───── EXERCISE MATERIALS ─────

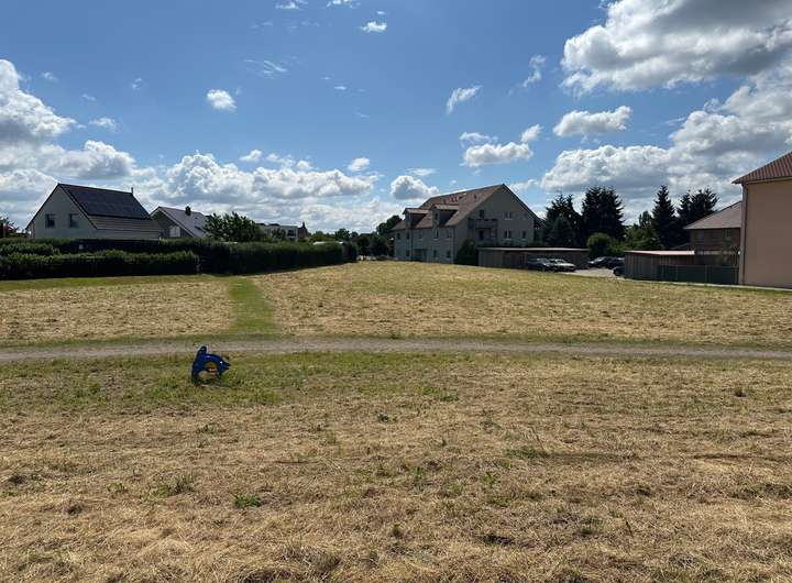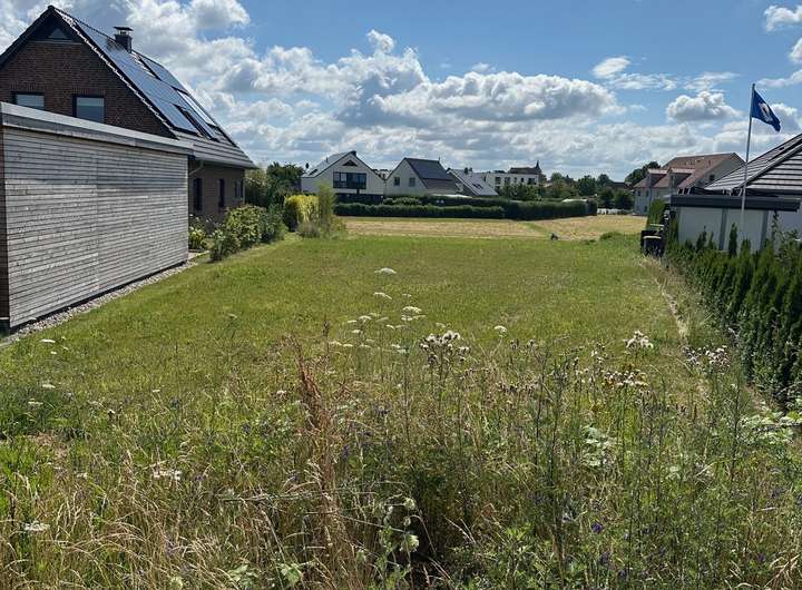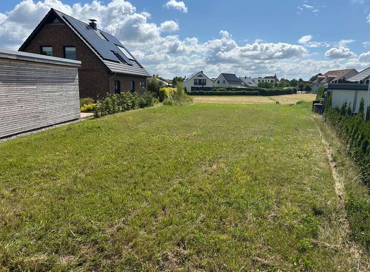 Die Straßen und Zuwegungen sind bereits hergestellt. Aktuell ist das Grundstück als Rasenfläche gehalten, die regelmäßig gepflegt wird. Die Ver- und Entsorgungsleitungen liegen vor dem Grundstück.
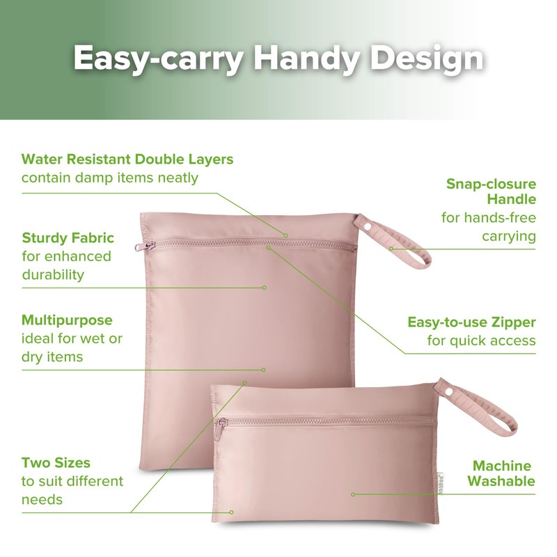 haakaa Waterproof Wet Bags for Baby, Wet Dry Bags for Diaper Bag, Travel, Swimsuit, Beach, Pool, Pump Parts, Stroller, Daycare,Yoga, Blush, 2 Pack
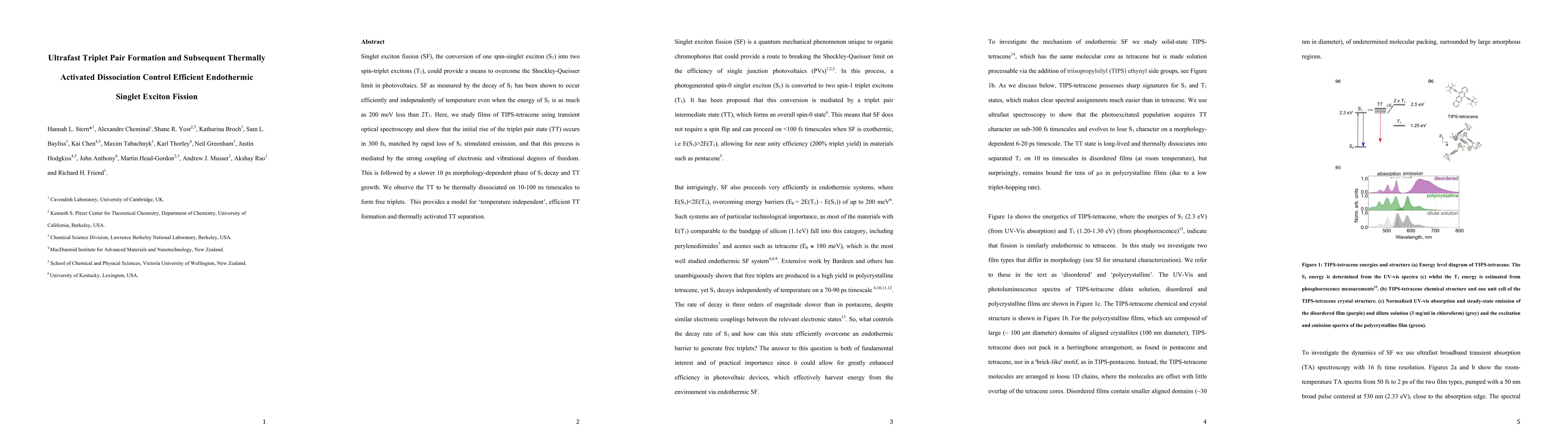 This paper investigates efficient singlet exciton fission in TIPS-tetracene films, demonstrating ultrafast triplet pair formation within 300 fs and subsequent thermally activated dissociation over 10-100 ns, suggesting a pathway to surpass the Shockley-Queisser limit in photovoltaics.
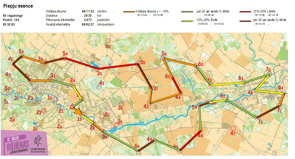 | Secības nr | KP nr | Laiks | Punkti | Kopējie punkti | Posma laiks | Kopējais laiks | Posma distance | Kopējā distance | min/km | min/pts | Vieta etapā |
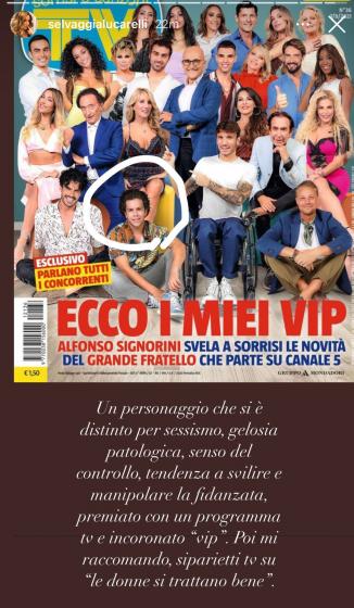 Un personaggio che si è distinto per sessismo, gelosia patologica, senso del controllo, tendenza a svilire e manipolare la fidanzata, premiato con un programma tv e incoronato “vip”. Poi mi raccomando, siparietti tv su “le donne si trattano bene”.

─────

▶ **WORK TO BE COMPLETED**:
All that is required is the lines from the line containing "Vieta etapā |" through the end of the records above, copied exactly, and none of the pictures.

▶ **WRITTEN REPLY**:
 | Secības nr | KP nr | Laiks | Punkti | Kopējie punkti | Posma laiks | Kopējais laiks | Posma distance | Kopējā distance | min/km | min/pts | Vieta etapā |
 Un personaggio che si è distinto per sessismo, gelosia patologica, senso del controllo, tendenza a svilire e manipolare la fidanzata, premiato con un programma tv e incoronato “vip”. Poi mi raccomando, siparietti tv su “le donne si trattano bene”.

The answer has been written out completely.